Revisada la actuación judicial criticada, en aras de confrontarla con la Carta Política, advierte la Sala que en ninguna agresión incurrió el Tribunal accionado al resolver la alzada, pues abordó el asunto que plantea la apoderada de la parte demandante en el proceso de pertenencia y aquí tutelante, y lo resolvió exponiendo las razones de la decisión; otra cosa es que la parte no comparta los argumentos expuestos por el juez colegiado, circunstancia que en sí misma no hace que la providencia sea violatoria de las garantías fundamentales de las partes, pues la misma no resulta arbitraria o caprichosa, ni está desprovista de sustento jurídico.
Por el contrario, se apoya en un adecuado análisis de la situación fáctica vertida dentro del proceso objeto de la acción constitucional, sustentada en los medios probatorios recaudados, pruebas que fueron controvertidas y que le permitieron al ad quem arribar a la decisión que aquí se cuestiona, lo que le impide al juez de tutela interferirla, pues de hacerlo, rebasaría la órbita de su competencia. Sin que haya lugar a más consideraciones, se confirmará el fallo impugnado.
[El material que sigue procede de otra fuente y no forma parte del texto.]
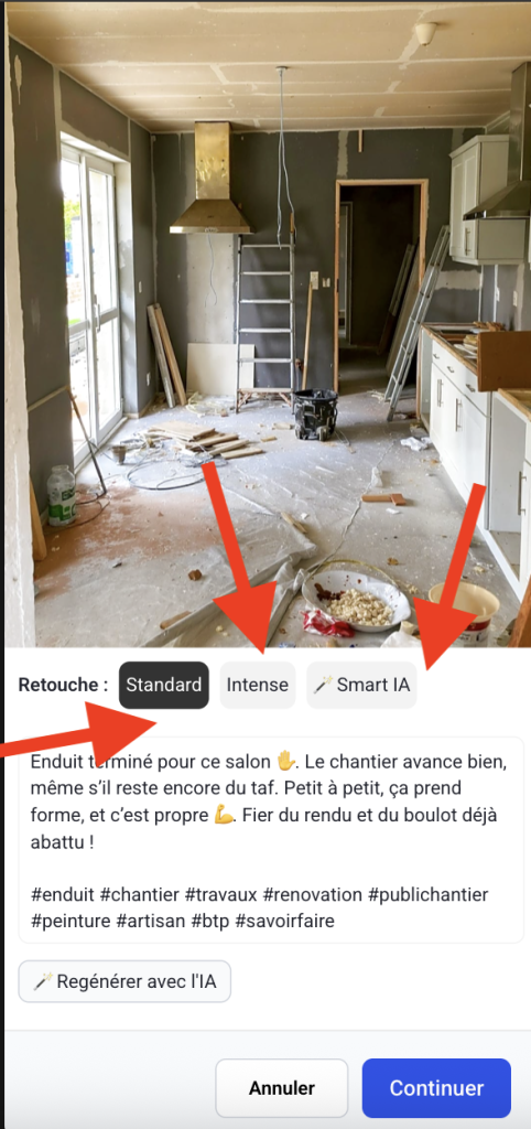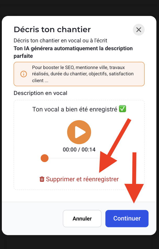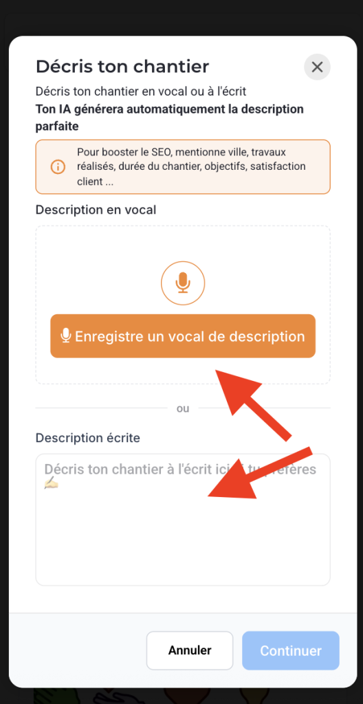 Pour générer une publication à partir d’une description vocale de votre chantier, cliquez sur “Enregistre un vocal de description”. Ensuite, décrivez votre chantier (plus vous donnez de détail, mieux c’est pour nourrir votre intelligence artificielle). Donc n’hésitez pas à donner des détails sur la ville d’intervention, sur les travaux réalisés, sur les marques de produits utilisés, sur l’objectif, sur la réaction du client etc…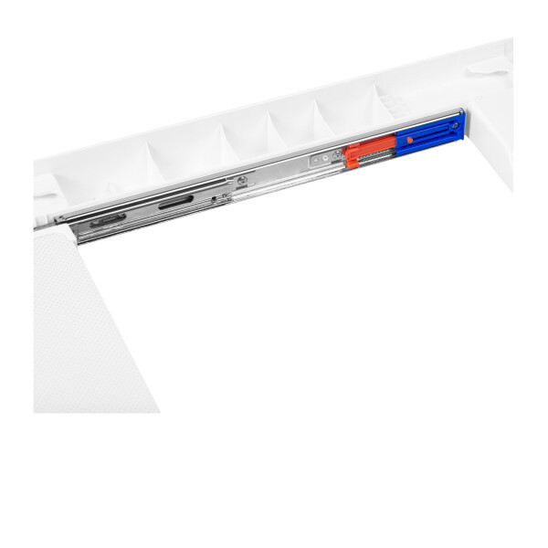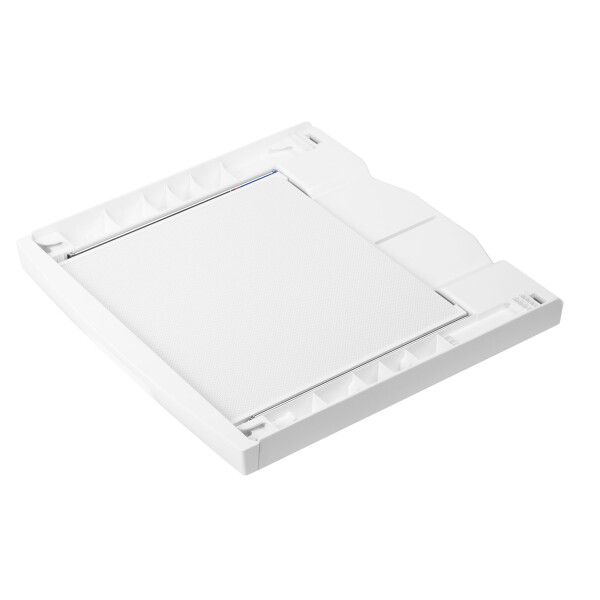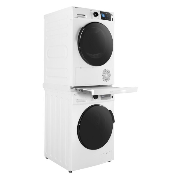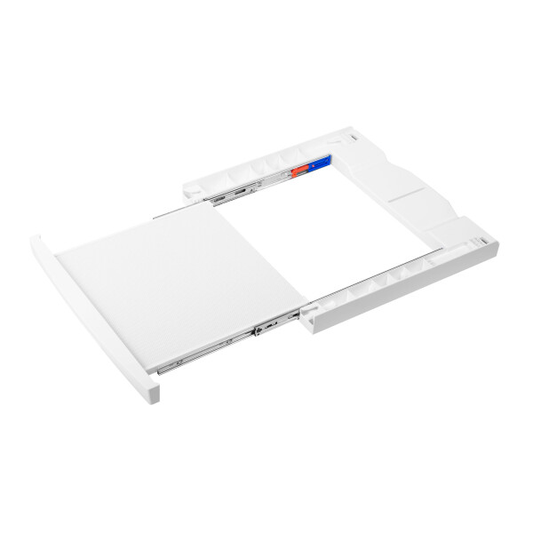 Благодаря выдвижной полке с автоматическими доводчиками больше не придется постоянно наклоняться к корзине с бельем или держать ее на весу при разгрузке сушильной машины, достаточно просто поставить корзину на полку.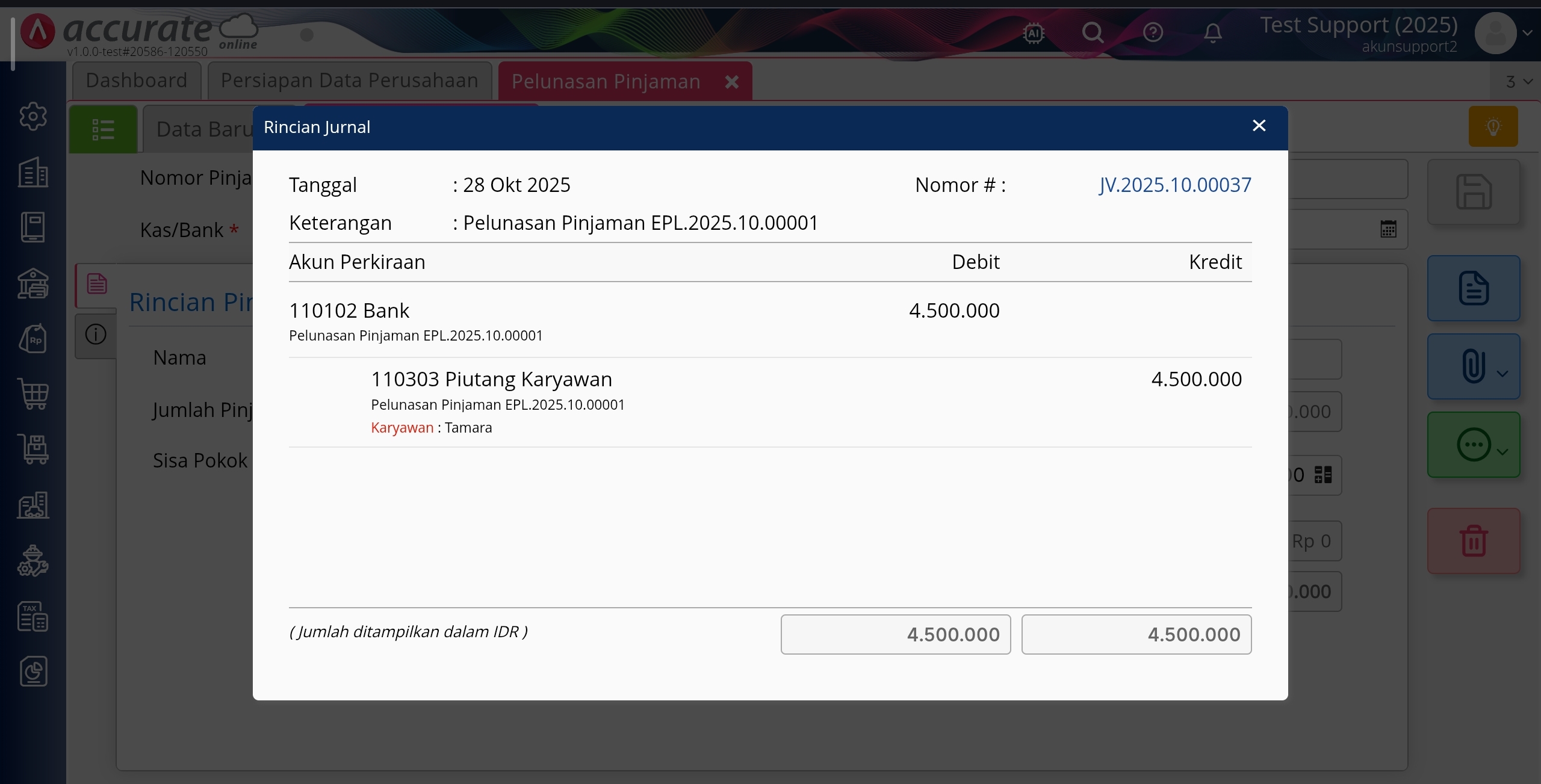 Jurnal yang terbentuk saat Pelunasan Pinjaman

DECISIÓN En mérito de lo expuesto, la Corte Suprema de Justicia, Sala de Casación Laboral, administrando justicia en nombre de la República y por autoridad de la ley, RESUELVE:
PRIMERO: Confirmar el fallo impugnado.
SEGUNDO: Enterar de esta decisión a los interesados en la forma prevista en el artículo 30 del Decreto 2591 de 1991.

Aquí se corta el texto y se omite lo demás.